Tutti, eccetto la sottoscritta, credevano che la furia dei nazisti non sarebbe
mai riuscita a oltrepassare le porte della città eterna e santa, per timore di
una scomunica da parte della Chiesa e da Dio stesso. Il futuro era incerto. Non
sapevo fino a che punto si fossero spinti contro noi ebrei, non riuscivo a
trovare lavoro per assicurarmi così una certezza economica né tantomeno
qualcuno che mi assicurasse quella affettiva. Stavo male e l’ultima delusione
nel campo dell’amicizia non aveva fatto altro che aggravare tutta la mia
situazione interiore. Pensavo ai miei coetanei che, a differenza di me,
nonostante la drammaticità della guerra e le rinunce causate
dall’antisemitismo, vivevano spensierati la loro età tranquilli sotto l’ala
protettrice del Papa e felici con accanto una persona d’amare e degli amici con
i quali uscire e soprattutto confrontarsi per crescere.
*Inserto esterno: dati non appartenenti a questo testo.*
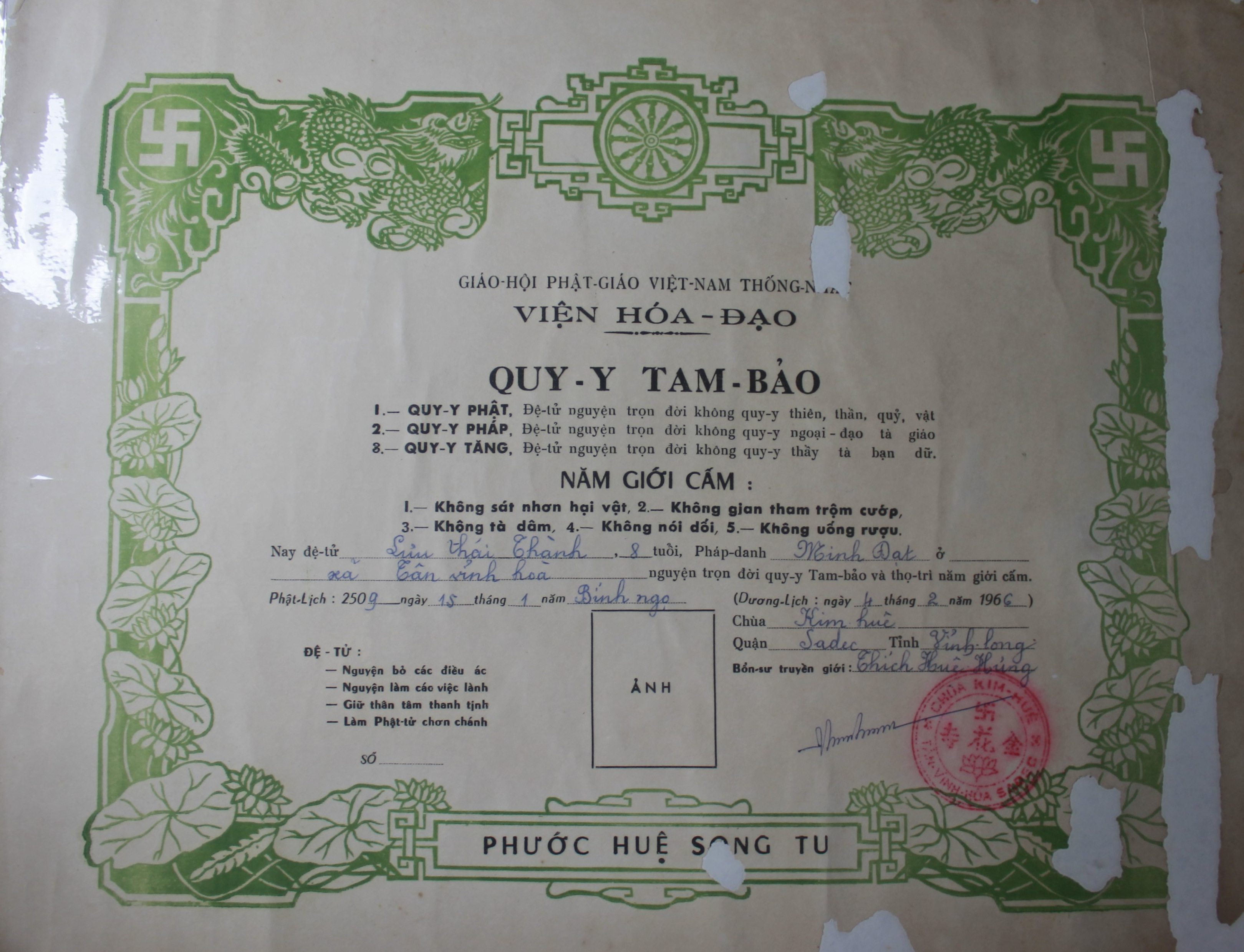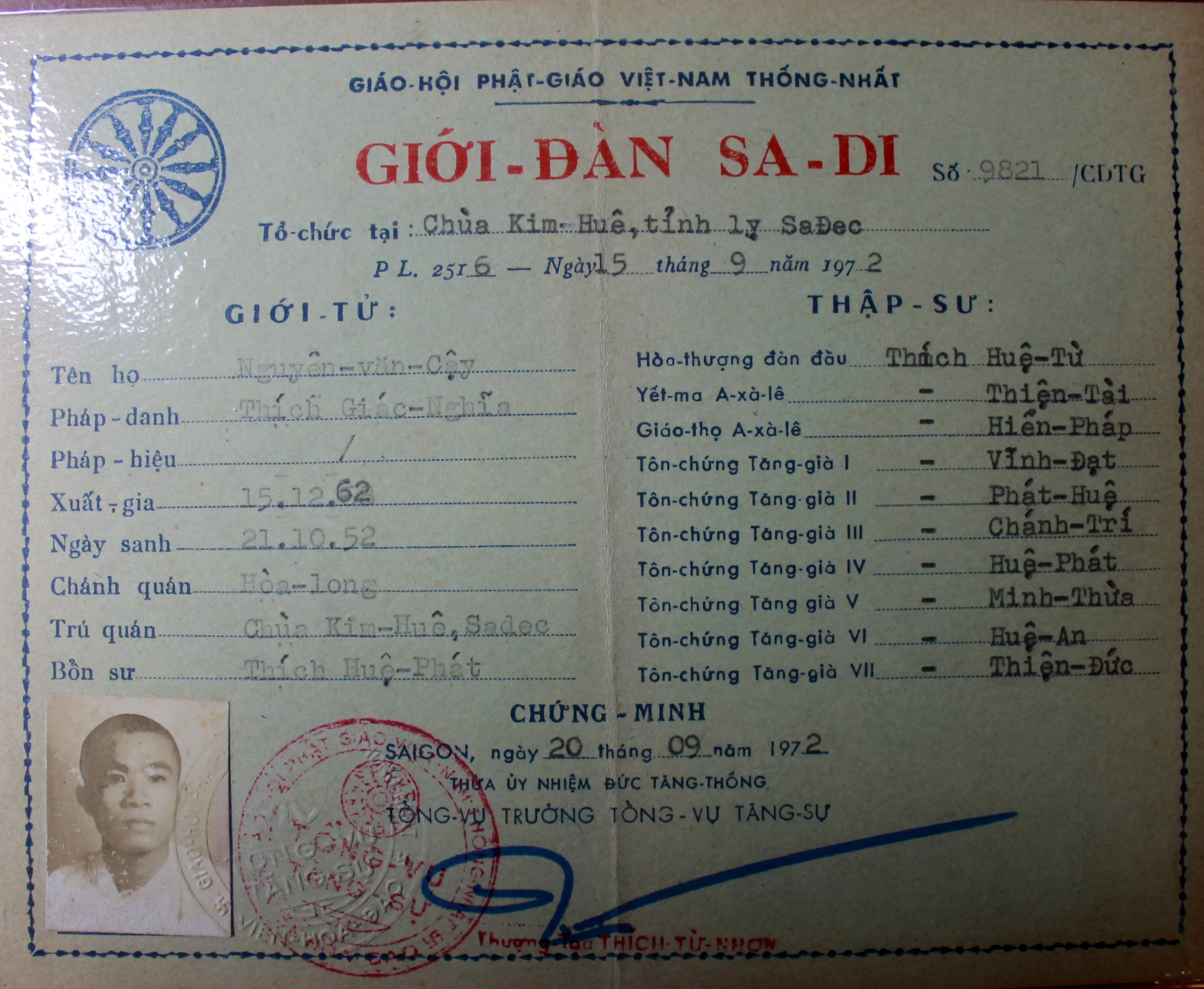 Ngài chính thức thọ Sa di năm 1942; thọ Tỳ kheo Bồ tát giới tại chùa Viên Giác ở Vĩnh Long năm 1943.

La mia espressione, un
tempo solare, era diventata corrucciata a causa delle delusioni, dei vuoti che
sentivo dentro di me, della solitudine e della paura per il futuro; il mio
sorriso, a volte ostentato, si era arreso alla tristezza; il tempo della
speranza era ormai giunto al termine. Mi piegai lentamente sul mobile da toeletta ed esplosi di nuovo in un pianto disperato.
A distanza
di un mese, però, le mie lacrime si fermarono e riuscii a trovare quel poco di
serenità che mi serviva per andare avanti. I miei occhi si erano aperti e avevo
capito che non ero sola; che accanto a me non mancavano persone speciali che mi
apprezzavano e mi volevano bene per quella che ero, che mi ascoltavano e, con
semplicità, riuscivano a tirarmi su di morale; che attorno a me non mancavano abbracci
e sorrisi. Sì, non ero sola.
In quel
periodo, mi unii all’ottimismo collettivo convincendomi che la Chiesa ci
avrebbe davvero protetto dalle deportazioni naziste e che presto la guerra
sarebbe finita. Mi convinsi anche delle parole delle persone che mi dicevano
che, quando avrei trovato l’uomo giusto, con lui sarebbe stata una storia
importante, per tutta la vita e che la mia attesa quindi non sarebbe stata
vana.
Finalmente,
la speranza si riaccese dentro di me e il sorriso riapparve sulle mie labbra.